= Christian Ludewig Theodor Winkelmann =

German piano maker (1812–1875)

Christian Ludewig Theodor Winkelmann, also spelled Winckelmann (3 November 1812 – 7 February 1875) was a German piano maker.

== Life ==
Born in Braunschweig, Winkelmann was the son of a master carpenter. He first worked with luthier Carl Rautmann in Wolfenbüttel and in 1837 he founded a piano factory in Brunswick. The first 3 uprights were made at home. Then grand pianos were made.
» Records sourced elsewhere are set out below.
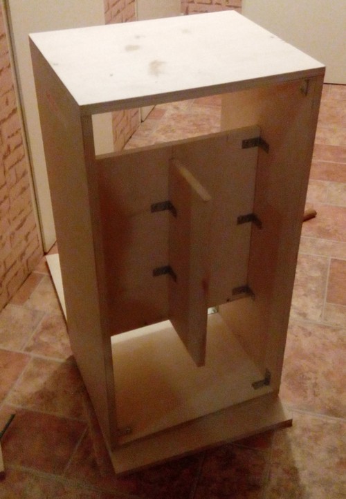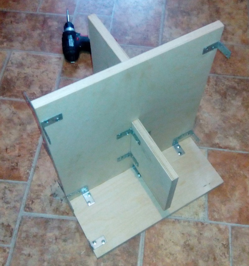 Ну что, взял отгул, начал сборку. Начал с центральной части (распорки), опыта постройки таких конструкций, которые сложнее чем просто ящик, у меня нет (в журналах Радио от не помню ничего такого, а другого источника информации у меня в детстве не было), буду познавать шишки сборки методом тыка. Сочленяю элементы конструкции металлическими уголками на саморезы , стык и уголки промазываются столярным клеем "Момент", а затем плоскость прижимается к торцу длинными саморезами. Судя по всему, скворечник получается забавный, птиц там сможет жить сразу несколько семей (если мелких). Да, размышления на тему "где купить акустические терминалы" завели меня к решению - "а нафиг они нужны?" - место установки колонок известно, ну и зачем нужны все эти сочленения? брать сразу хороший провод, и от динамика до выхода усилителя и использовать.
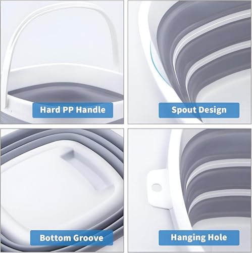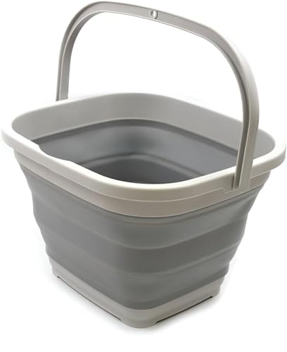 Generic - وعاء سيليكون متين وقابل للطي وخالي من BPA مع مقبض مقوى للتخييم عن بعد من اكسبيديشن (رمادي، 10 لتر)
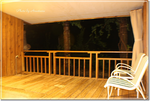 陽臺不小,旁邊還有兩張椅子,泡湯泡累了的時候,可以喝啤酒水休息。XD
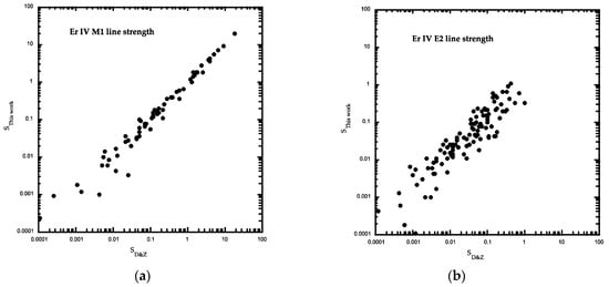 The recent analysis [] of Er IV, isoionic of Tm IV, led to the determination of 120 energy levels belonging to the lower parts of the four configurations 4f11, 4f105d, 6s, and 6p. Unfortunately, the experimental energies of the 4f11 ground-state configuration that comprises 41 levels were less completely known than in Tm IV and Yb V cases. However, in the parametric study of the odd-parity configurations, the least-squares fit with 11 free parameters upon respectively nine and 29 known levels of 4f11 and 4f106p resulted in a mean error of 41 cm−1, which was quite satisfactory for the average energies of respectively Eav(4f11) = 35,997 cm−1 and Eav(4f106p) = 207,022 cm−1. Using the parameters of the final fit given in Table 4 of [], we calculated the semi-empirical transition probabilities for M1 and E2 transitions within the ground-state configuration 4f11 of Er IV. Table 4 reports the present results on M1 transitions between 3000 Å and 17,000 Å, the ab initio values of which are available in Dodson and Zia [] to make a comparison possible. Table 5 reports similar results for E2 transition probabilities. Figure 3a,b display respectively the M1 and E2 line strengths from the present work versus the ab initio results from [].

In 1851, through the pianist Henry Litolff, an association was formed with the piano manufacturer Friedrich Zeitter from Vienna who introduced some innovations such as iron frames. This increased production from 60 to 80 instruments per year. The company named Zeitter & Winkelmann was one of the largest piano manufacturers in northern Germany.

In 1860, Winkelmann was appointed a supplier of pianos for the ducal court.

Winkelmann's grandson was the tenor Hermann Winkelmann and his great grandson the tenor Hans Winckelmann.

== Bibliography ==
- Horst-Rüdiger Jarck, Günter Scheel (editors): Braunschweigisches Biographisches Lexikon – 19. und 20. Jahrhundert. Hahnsche Buchhandlung, Hannover 1996, ISBN 3-7752-5838-8.